Sudan oil refinery where the newly-emerging oil-rich central African state has been under fire from U.S. imperialism for years. The leadership of the country is being hounded by the ICC which it is not a party to the Rome Statute., a photo by Pan-African News Wire File Photos on Flickr.
Sudan’s projected economic contraction in 2012 worse than expected
April 17, 2012
(WASHINGTON) – The International Monetary Fund (IMF) on Tuesday revised down its forecast to Sudan’s economy to show a significant shrinkage in 2012.
International Monetary Fund Managing Director Christine Lagarde speaks at the Brookings Institution April 12, 2012 in Washington, DC. (AFP)According to the latest release of the World Economic Outlook (WEO), the East African nation achieved a -3.9% growth in 2011. The figure includes South Sudan only up until July 2011 when the country officially broke up into two.
In 2012, Sudan’s economy will contract by -7.3% before improving in 2013 to -1.5% and to 1.7% in 2017.
The loss of the oil-rich south last year meant that Sudan no longer has access to billions of dollars worth of crude reserves. Oil was the main source of foreign currency and revenues for Sudan prior to the country’s partition.
To make matters worse, South Sudan managed last week to take over one of Sudan’s major oilfields of Heglig in South Kordofan through a military occupation that took everyone by surprise. Analysts say that damages to the facilities in the area, which produces half Sudan’s oil, as a result of military operations means that production will not resume anytime soon.
Furthermore, landlocked South Sudan shut down its own roughly 350,000 barrels per day in January in a row over how much it should pay to export crude via Sudan. The latter has built in oil transit fees as part of its budget at the rate of $36 per barrel.
Khartoum has undertaken measures since last year in anticipation of the sharp curtailment in revenues. This includes cutting government spending, partially lifting subsidies and banning a wide range of imports to stop depletion of foreign currency reserves.

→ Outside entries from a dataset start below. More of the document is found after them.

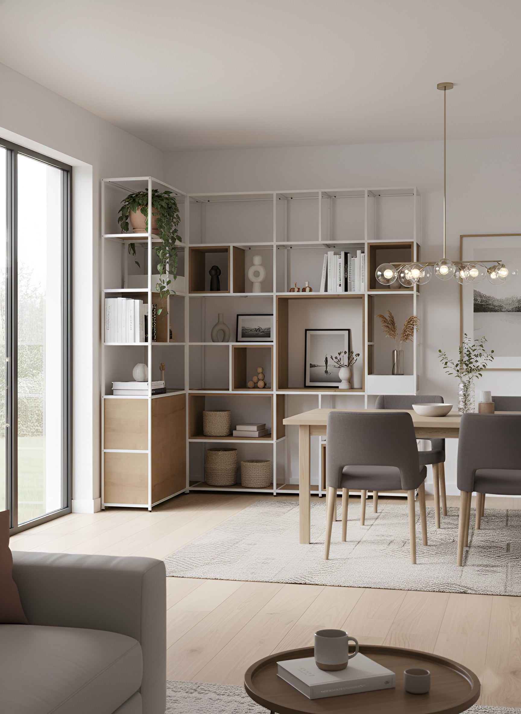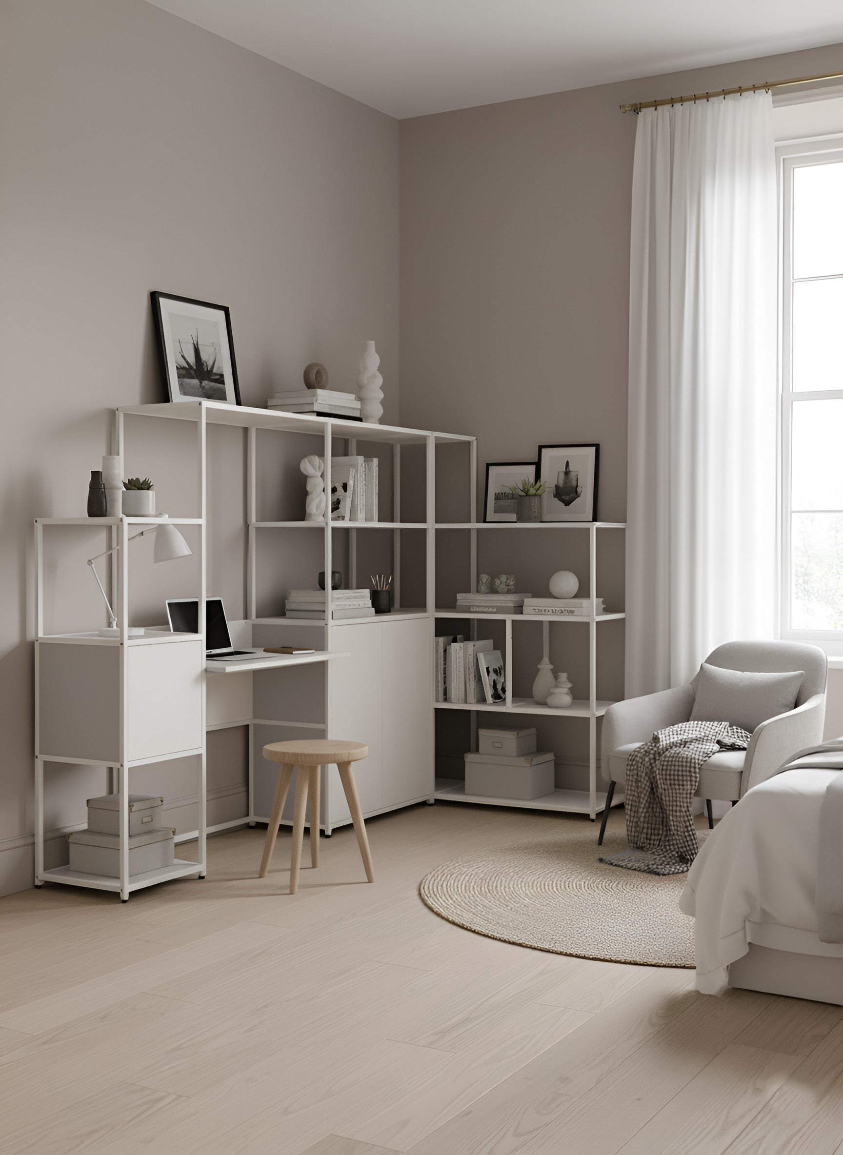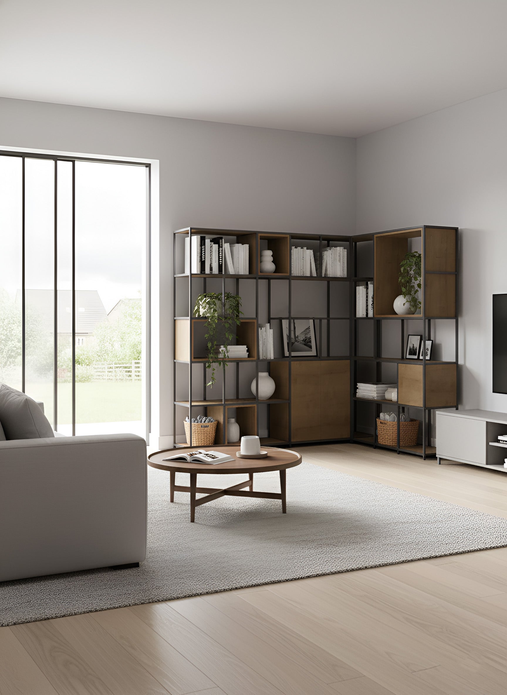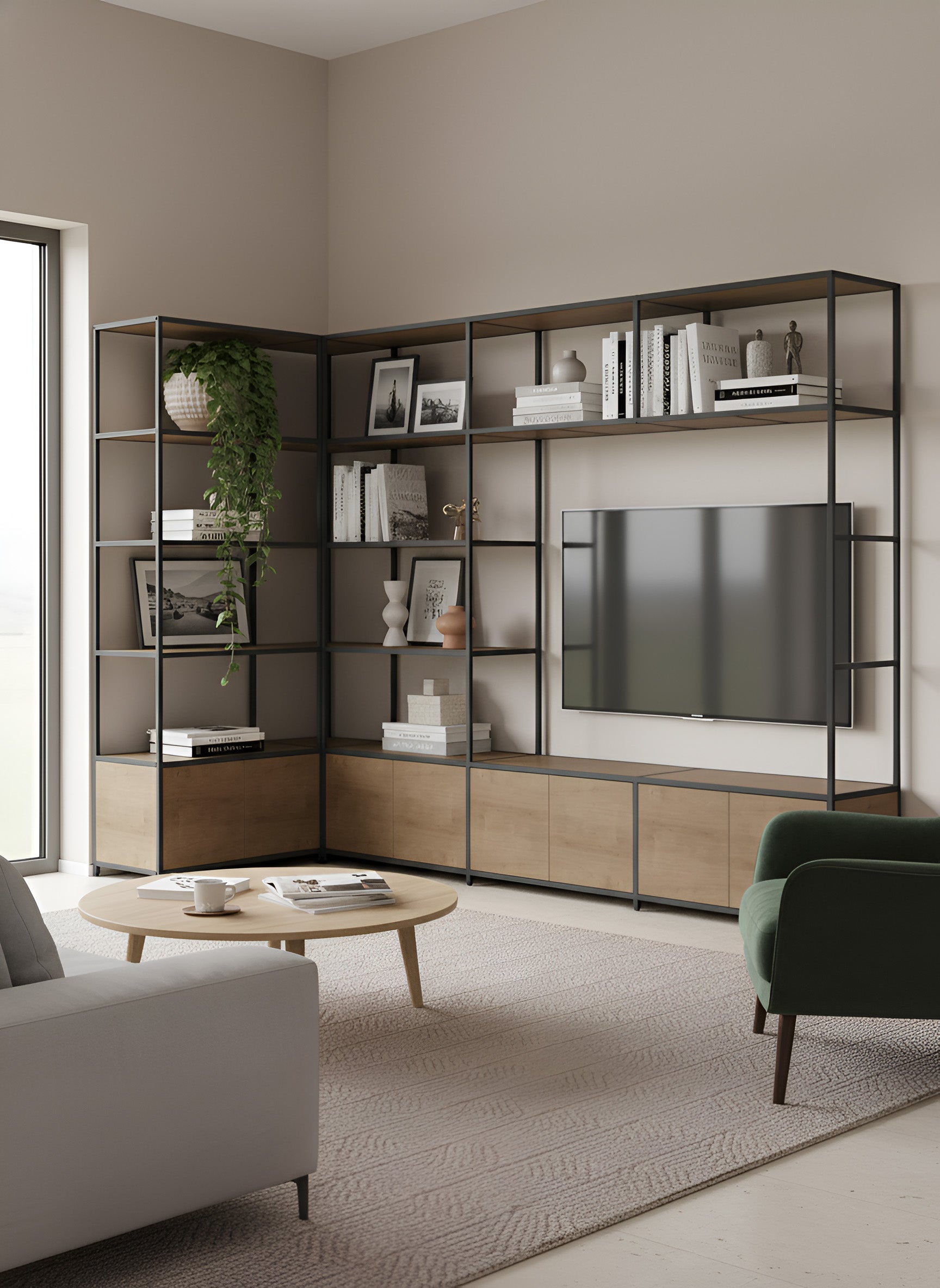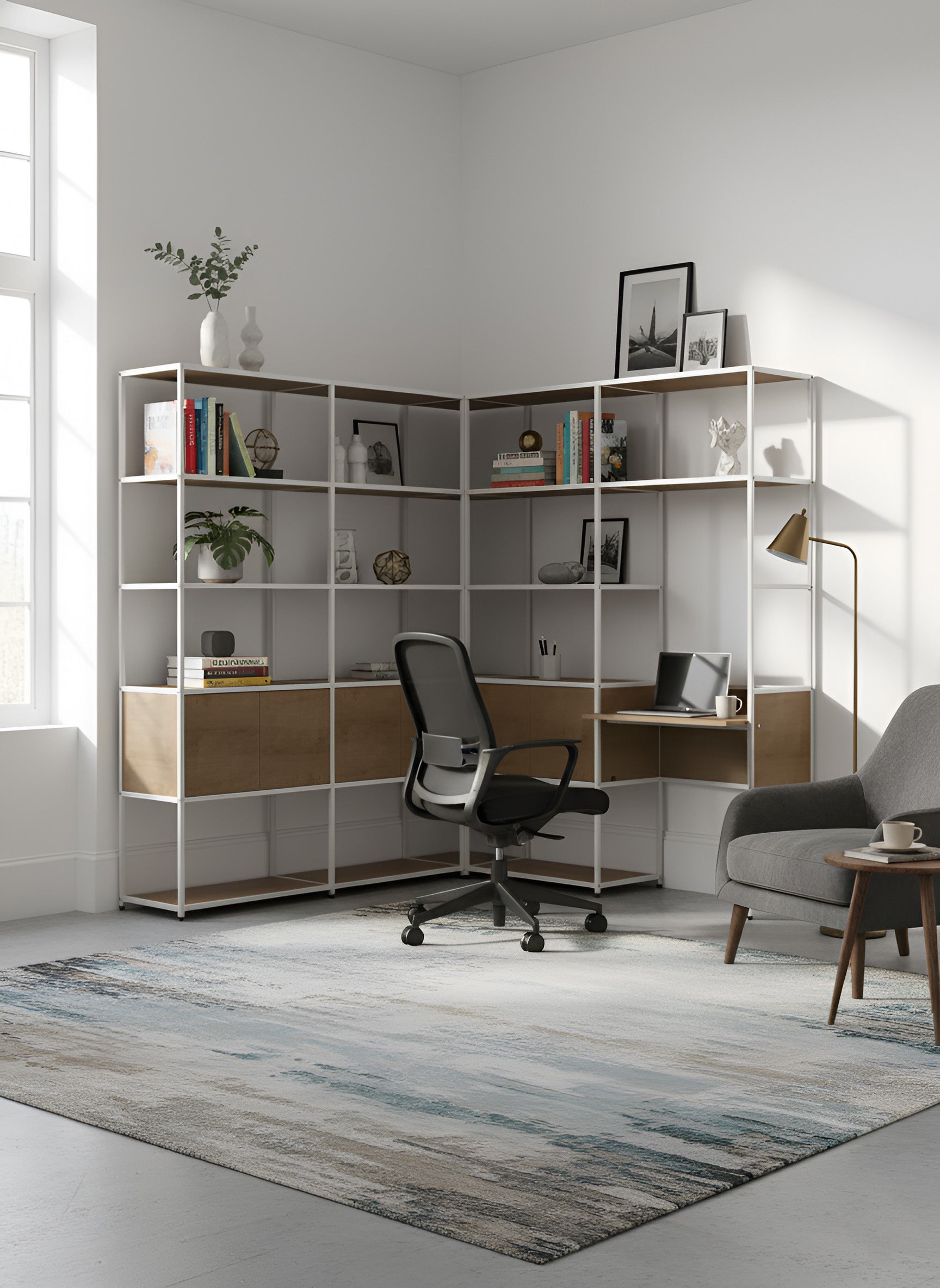 Whether you’re looking for open shelves to display your favourite books and ornaments, storage cupboards to keep clutter tucked away, or even a built-in corner desk for your home office, this versatile collection has you covered. Crafted from a durable metal grid framework, these corner units deliver both strength and modern elegance, blending seamlessly into any interior style.
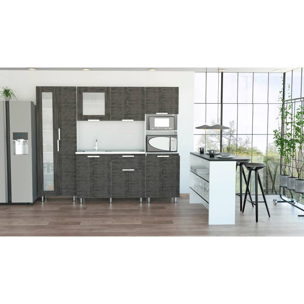 Combo 9 Fendi Muebles + Alacena + Microondas + Barra Auxiliar - Roble Gris/Wengue/Blanco
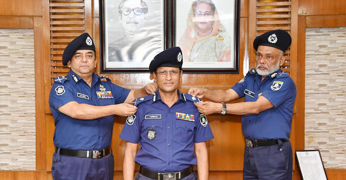 আইজিপি এবং অতিরিক্ত আইজি (এঅ্যান্ডও) ড. মো. মইনুর রহমান চৌধুরী পদোন্নতিপ্রাপ্ত কর্মকর্তাদের র্যাংক ব্যাজ পরিয়ে দেন।
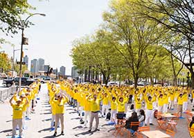 五月十二日,来自世界各地的部分法轮功学员来到联合国达格•哈玛绍广场公园集体炼功,庆祝法轮大法日,跟各界民众分享法轮大法的美好。
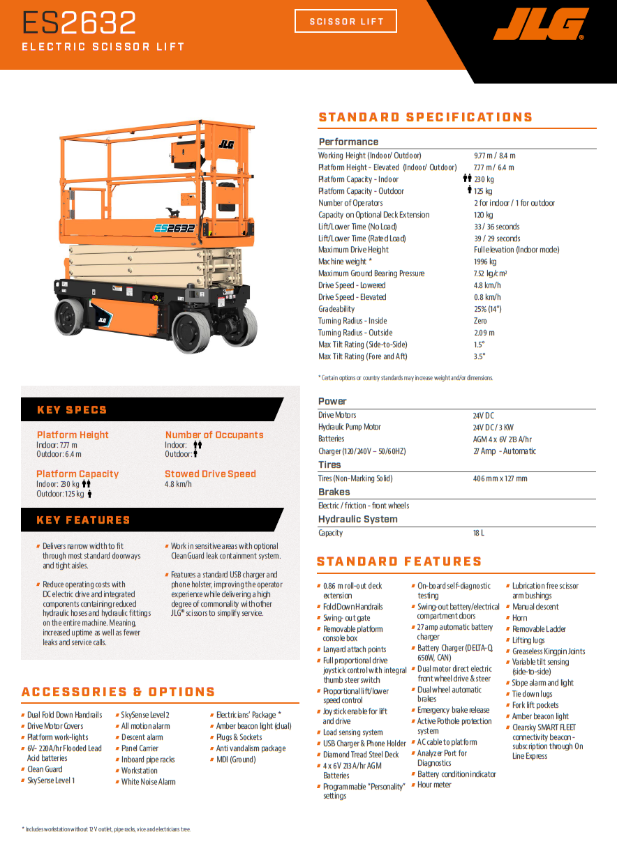 | JLG ES2632 | En dags leje | 2 dage | 3 dage | 4 dage | 5 dage | Her efter pr. dag | Levering* | Afhentning |
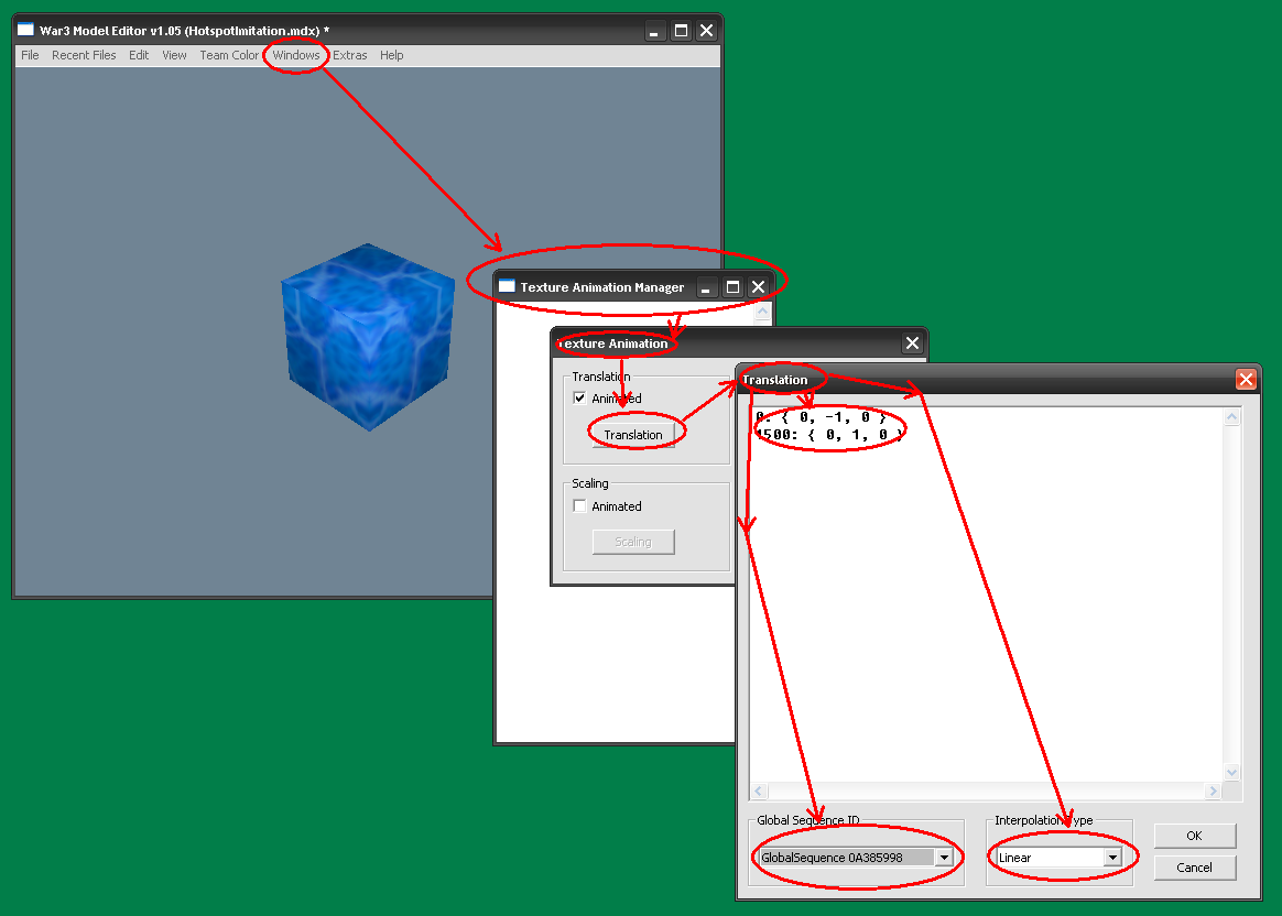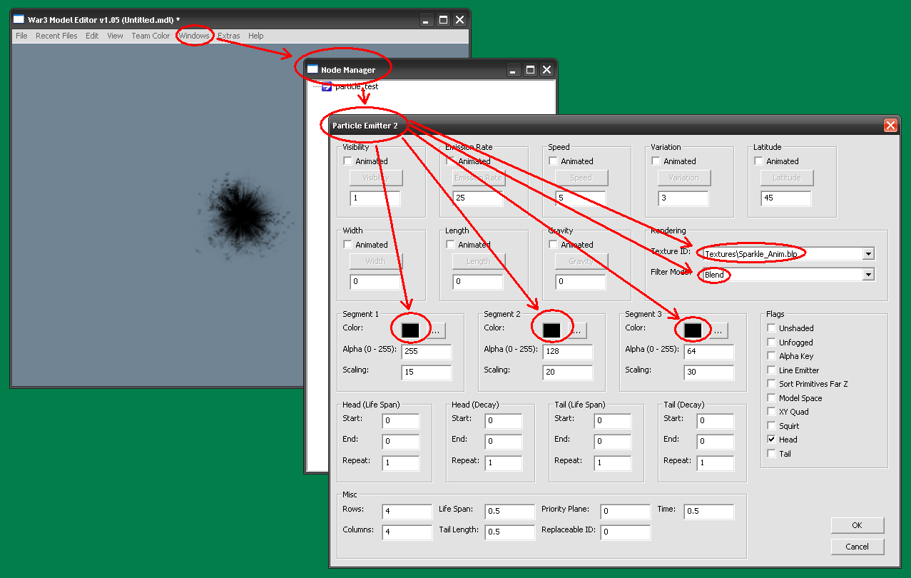 Примечание: советую посмотреть стандартную модель “War3.mpq\Abilities\Spells\Undead\FreezingBreath\FreezingBreathMissile.mdx”, в ней реализован такой прием.
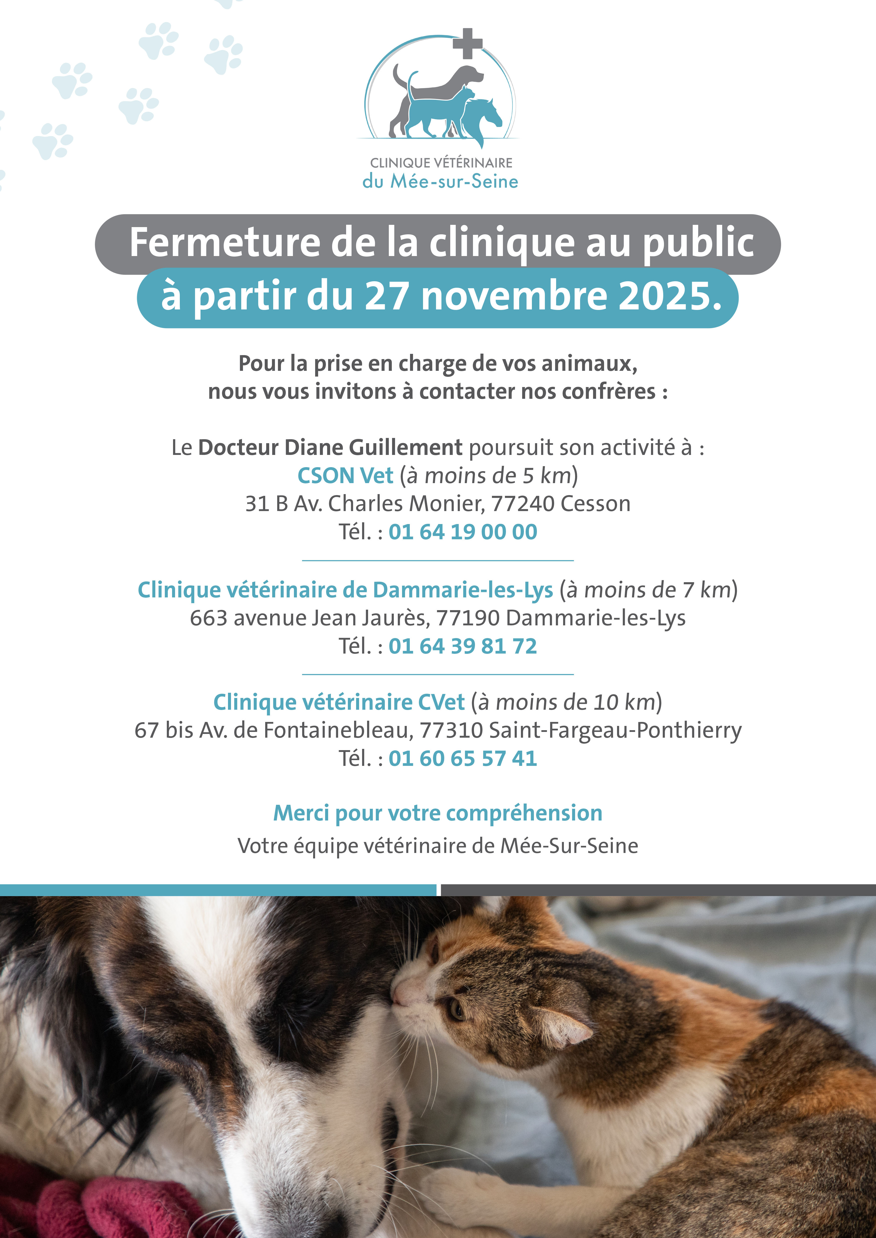 Fermeture de la clinique à partir du 27 Novembre 2025
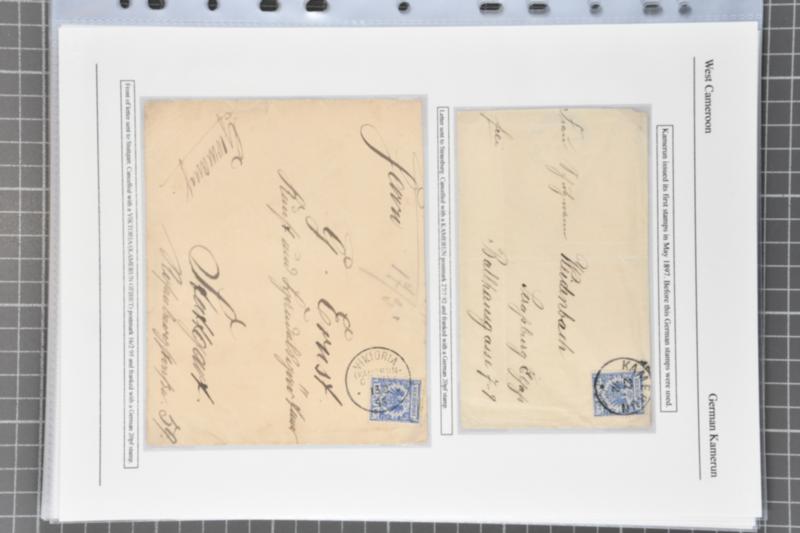 1892-1915: Lot mit 15 Belegen, teils aufgezogen auf Blättern mit Vorläufern und besseren Stempeln, 5-Mark-Marke ohne WZ auf etwas fleckigem R-Brief (Mi 19), sowie eine philatelistisch motivierte Halbierung der 20-Pfennig-Marke mit Stempel BUEA

But nonetheless, food prices soared to unbearable levels for many citizens prompting limited demonstrations in the Sudanese capital last year. The exchange rate of the Sudanese pound also deteriorated to unprecedented levels amid sharp shortage in hard currency which further fueled price hikes.
The IMF projected consumer prices in Sudan to increase by 23.2% in 2012 and 26.0% in 2013 which is the highest in the Middle East region.
Sudan has turned to a number of friendly nations seeking help to shore up its budget deficits and boost its foreign currency reserves directly or through investments. So far only the Arab Gulf state of Qatar made a $2 billion pledge to assist in the form of buying Sudan government bonds and investments in several economic sectors.
Sudanese officials assert that their country will overcome the loss of oil revenue by exporting more gold and revamping the agricultural sector.
However, this week the Sudanese finance and national economy minister Ali Mahmood Abdel-Rasool said that the 2012 budget as it stands is unsustainable and needs to be amended.
The pro-government al-Rayaam newspaper reported that the Sudanese parliament is poised to approve a second round of lifting subsidies on fuel amid strong objections from the labor union.